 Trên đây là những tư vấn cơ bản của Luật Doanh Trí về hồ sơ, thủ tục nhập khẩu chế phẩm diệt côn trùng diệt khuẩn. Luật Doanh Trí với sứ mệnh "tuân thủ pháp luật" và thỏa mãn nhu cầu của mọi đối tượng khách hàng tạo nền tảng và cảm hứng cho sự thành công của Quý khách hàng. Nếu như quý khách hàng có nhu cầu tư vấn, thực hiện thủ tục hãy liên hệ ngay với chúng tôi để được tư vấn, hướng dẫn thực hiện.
...
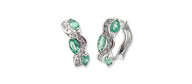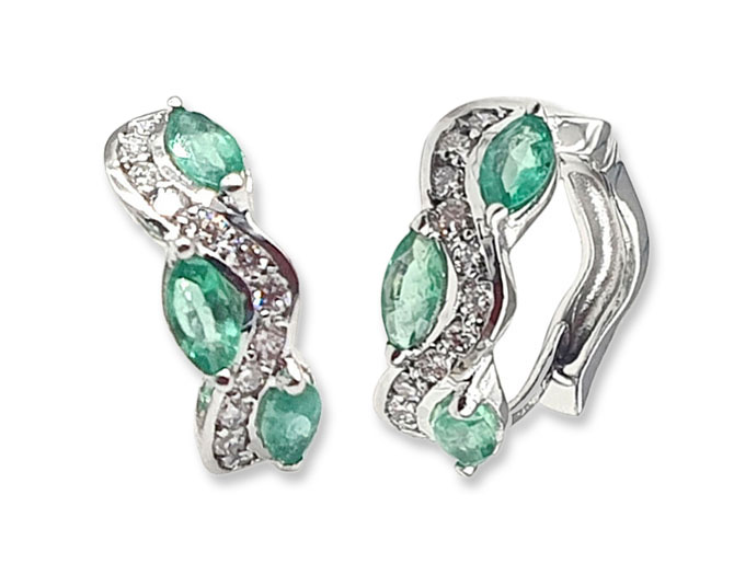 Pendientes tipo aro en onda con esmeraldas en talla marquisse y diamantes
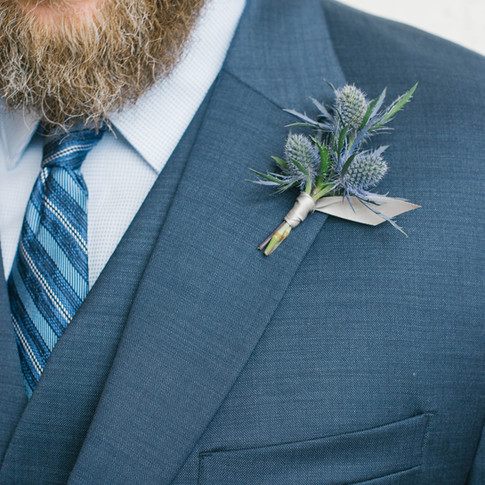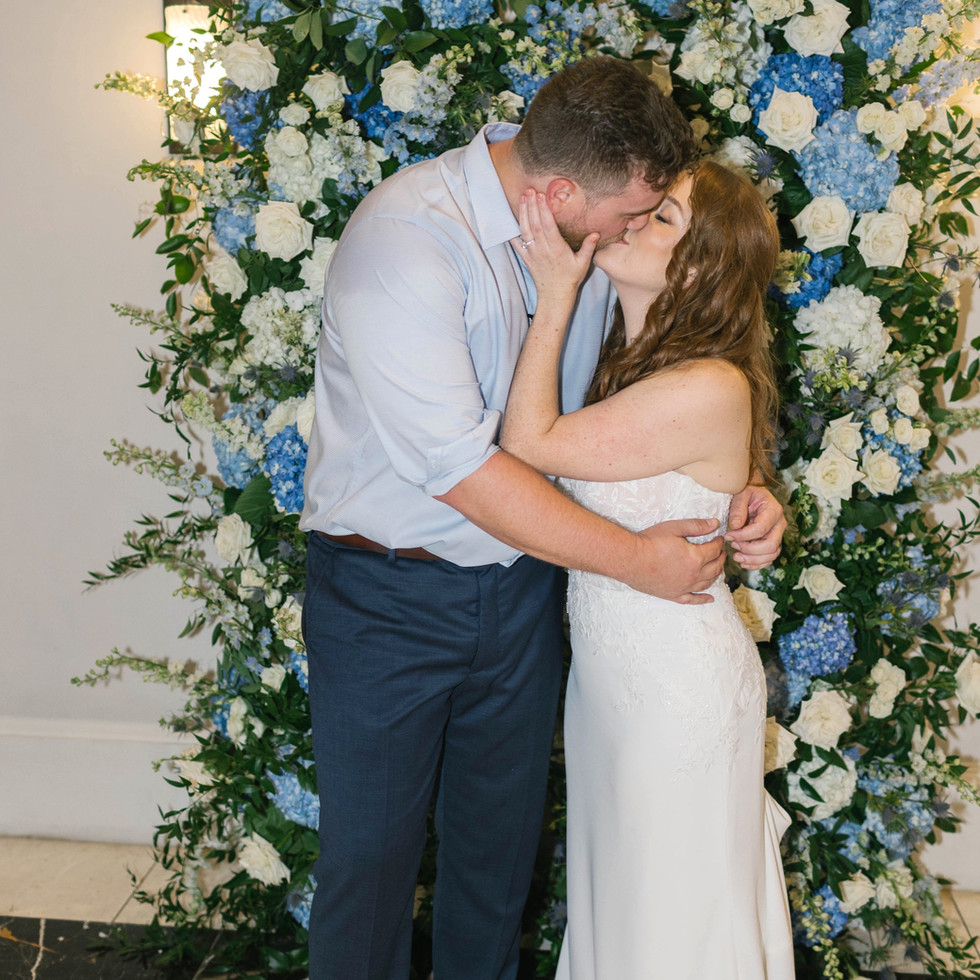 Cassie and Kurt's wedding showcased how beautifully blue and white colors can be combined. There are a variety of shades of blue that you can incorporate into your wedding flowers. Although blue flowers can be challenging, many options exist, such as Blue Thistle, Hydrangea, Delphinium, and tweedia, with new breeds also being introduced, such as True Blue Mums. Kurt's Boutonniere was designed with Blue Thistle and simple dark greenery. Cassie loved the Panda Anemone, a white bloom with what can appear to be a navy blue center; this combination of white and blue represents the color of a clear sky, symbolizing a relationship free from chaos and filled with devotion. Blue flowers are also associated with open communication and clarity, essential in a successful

Required action –
Transcribe, word for word, the stretch of lines in the data above from the one with "Pendientes tipo aro" through the one with "Cassie and Kurt's"; omit all pictures.

Solution for this task –
 Pendientes tipo aro en onda con esmeraldas en talla marquisse y diamantes
 Cassie and Kurt's wedding showcased how beautifully blue and white colors can be combined. There are a variety of shades of blue that you can incorporate into your wedding flowers. Although blue flowers can be challenging, many options exist, such as Blue Thistle, Hydrangea, Delphinium, and tweedia, with new breeds also being introduced, such as True Blue Mums. Kurt's Boutonniere was designed with Blue Thistle and simple dark greenery. Cassie loved the Panda Anemone, a white bloom with what can appear to be a navy blue center; this combination of white and blue represents the color of a clear sky, symbolizing a relationship free from chaos and filled with devotion. Blue flowers are also associated with open communication and clarity, essential in a successful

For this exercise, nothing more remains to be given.